Time for some nominees, and some great pics. These are due by July 31st.

Photos: You can submit one piranha picture (for POTM, sponsored by Aquatic Sanctuary) and one non-piranha picture (for NPOTM) to me via PM. Please make sure that they are not posted elsewhere on site, and please also make sure that you don't reveal that they belong to you until after the voting period has concluded. Though I would prefer that submissions were 800 x 600, I have noticed that the PM box autoresizes them to 640 x 480 (or something along those lines) anyway, so just make sure that the pics would translate well to 640 x 480 when resized.

Nominations: You may nominate people for MOTM. The only exceptions are the people who won between August and December of last year, and the winners of this year so far, "Site Moderators", Admins and Webmasters (Team P-Fury is still eligible). (That having been said, you may nominate anyone you want from the April list at this point and if they happen to win, so be it, they will simply be removed from this competition.) You may choose to nominate them in this thread or via PM. If our list is longer than ten, some nominees may be pruned (especially those who haven't posted in May, those who are currently suspended or banned, or those who have been suspended or banned during that month). I won't prune too much, though, unless we have a ridiculous list that's hard to wade through.

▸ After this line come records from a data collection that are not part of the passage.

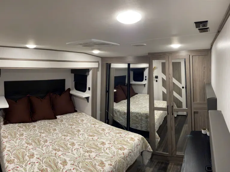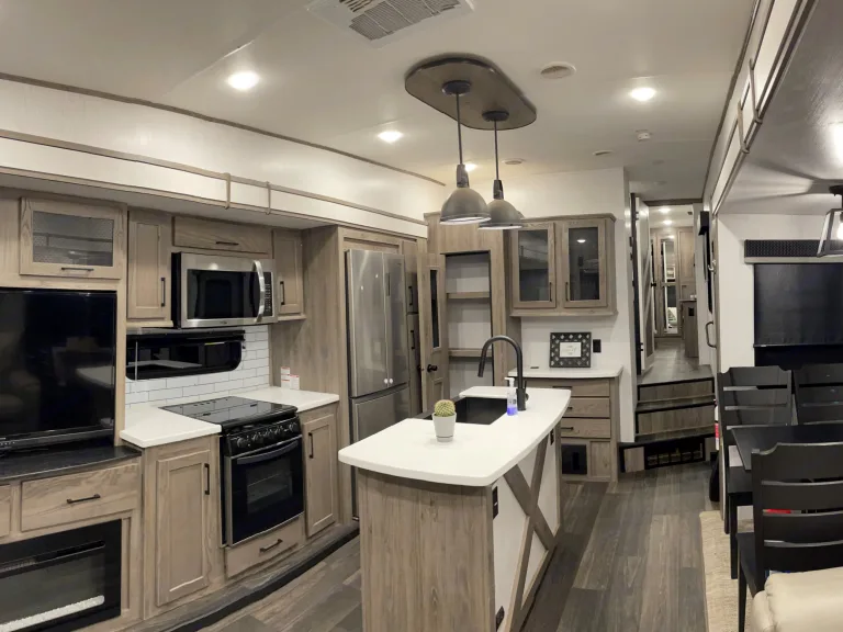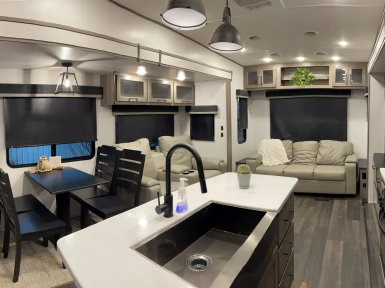 Luxury camper with farmhouse feel. King sized bed in the bedroom with large closet. Sofa folds out into a bed. USB charging ports throughout the camper along with two wireless charging pads. Large farmhouse sink with residential sized fridge. Huge flatscreen TV with remote. 2 air conditioners that blow very cold. Electric patio awning.
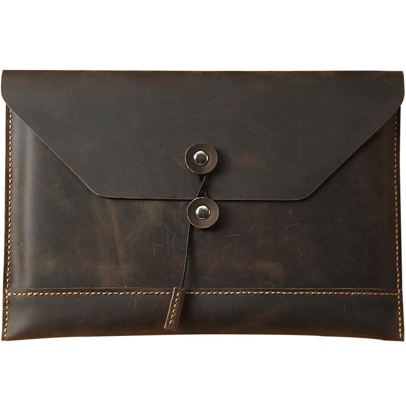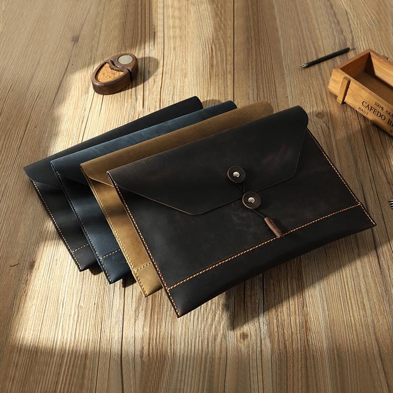 Design: Handmade Mens Clutch A4 Envelope File Bag Personalized Black Leather Folder Purse for Men
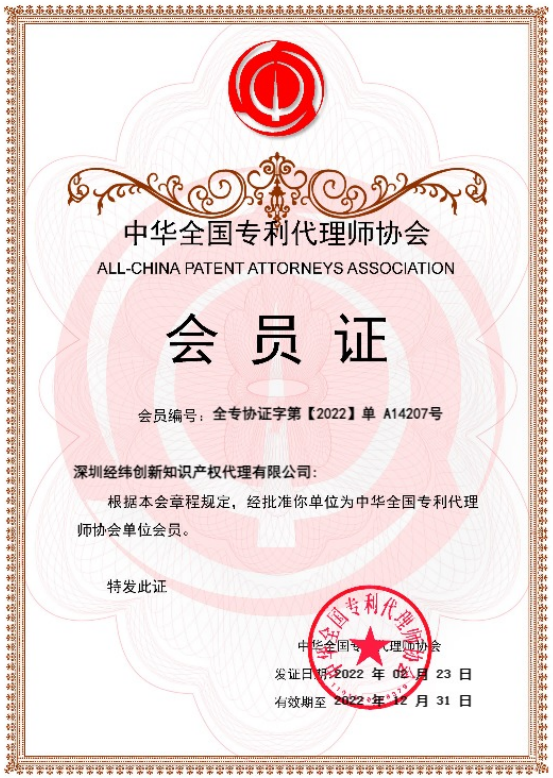 中华全国专利代理师协会会员证
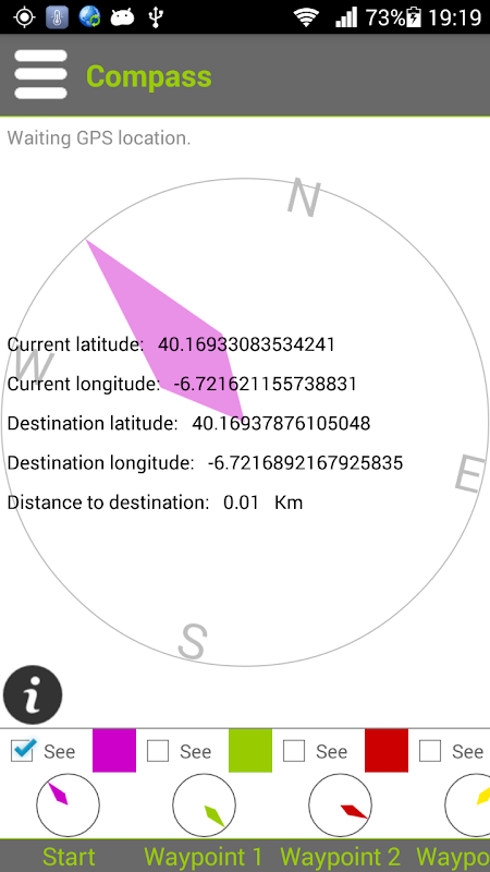 The Compass screen, you will see several compasses pointing in the locations you entered and you can also select it as the primary compass to get more information such as distance to the target, the target coordinates, current coordinates.
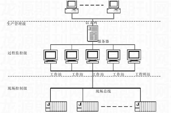 針對鎢礦選廠生產(chǎn)的實際需求,這里應(yīng)用相應(yīng)的自動化技術(shù),對自動化監(jiān)控系統(tǒng)進(jìn)行了設(shè)計。在系統(tǒng)設(shè)計中,遵循“方案合理、技術(shù)先進(jìn)、運(yùn)行可靠、操作方便”的原則,系統(tǒng)整體采用集散控制系統(tǒng),基于現(xiàn)場總線通訊,其整體網(wǎng)絡(luò)構(gòu)架如下:
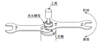 在夹头螺母上套上附带的14mm扳手朝逆时针方向转动,夹头松动后取下工具。(转动约1圈夹头螺母可紧固1次,再次转动后夹头被打开。)
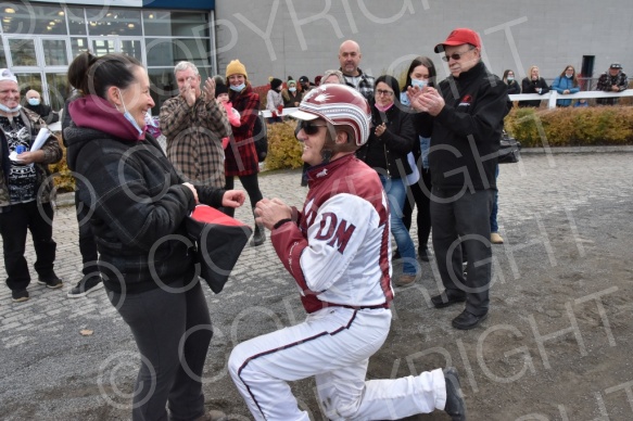 - Description: Ceremonie de retraite pour cheval Rain Gauge; Daniel Mondou; Josee Ouellette; Demande de mariage de Daniel Mondou;2021-11-07
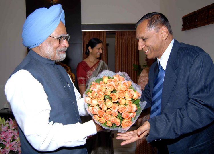 Governor Narasimhan along with his wife welcomes Prime Minister Dr.Manmohan Singh with a bouquet at Raj Bhavan on Saturday. Singh will be addressing 17 th Commonwealth Law Conference on Sunday in the city.

A thought on nominations: Sometimes I like to do a theme for my nominations. One month, I did moderators (actually, that's been a theme for me in a lot of months). Another month, my theme was "guys who help out in the reptile section". I've also had sillier themes, like "me and a bunch of spambots so that Taylor would cap the nominees at this point and I would win". (Taylor thought it was funny, but realized that I wasn't all that serious.) Think hard about this--if you see someone who's busting their balls on the site, but never gets appreciation for it, nominate them. If you see someone who's helped you quite a bit in the recent past, give them a nod. If you see someone who's made 2000 posts in the last three hours, smack them around a bit.


----------



## ChilDawg (Apr 30, 2006)

Bump.


----------



## ChilDawg (Apr 30, 2006)

Bump.


----------



## ChilDawg (Apr 30, 2006)

Bump.


----------



## ChilDawg (Apr 30, 2006)

Bump.


----------



## ChilDawg (Apr 30, 2006)

Bump.


----------



## ChilDawg (Apr 30, 2006)

Bump.


----------



## ChilDawg (Apr 30, 2006)

Bump.


----------



## ChilDawg (Apr 30, 2006)

Bump.


----------



## ChilDawg (Apr 30, 2006)

Bump.


----------



## ChilDawg (Apr 30, 2006)

Bump.


----------



## ChilDawg (Apr 30, 2006)

Bump.


----------



## ChilDawg (Apr 30, 2006)

Bump...just a few hours left!


----------



## ChilDawg (Apr 30, 2006)

Thanks for your submissions and nominations! We'll start the next cycle of contests soon. Anything received from this point onward will be added to the August pile.


----------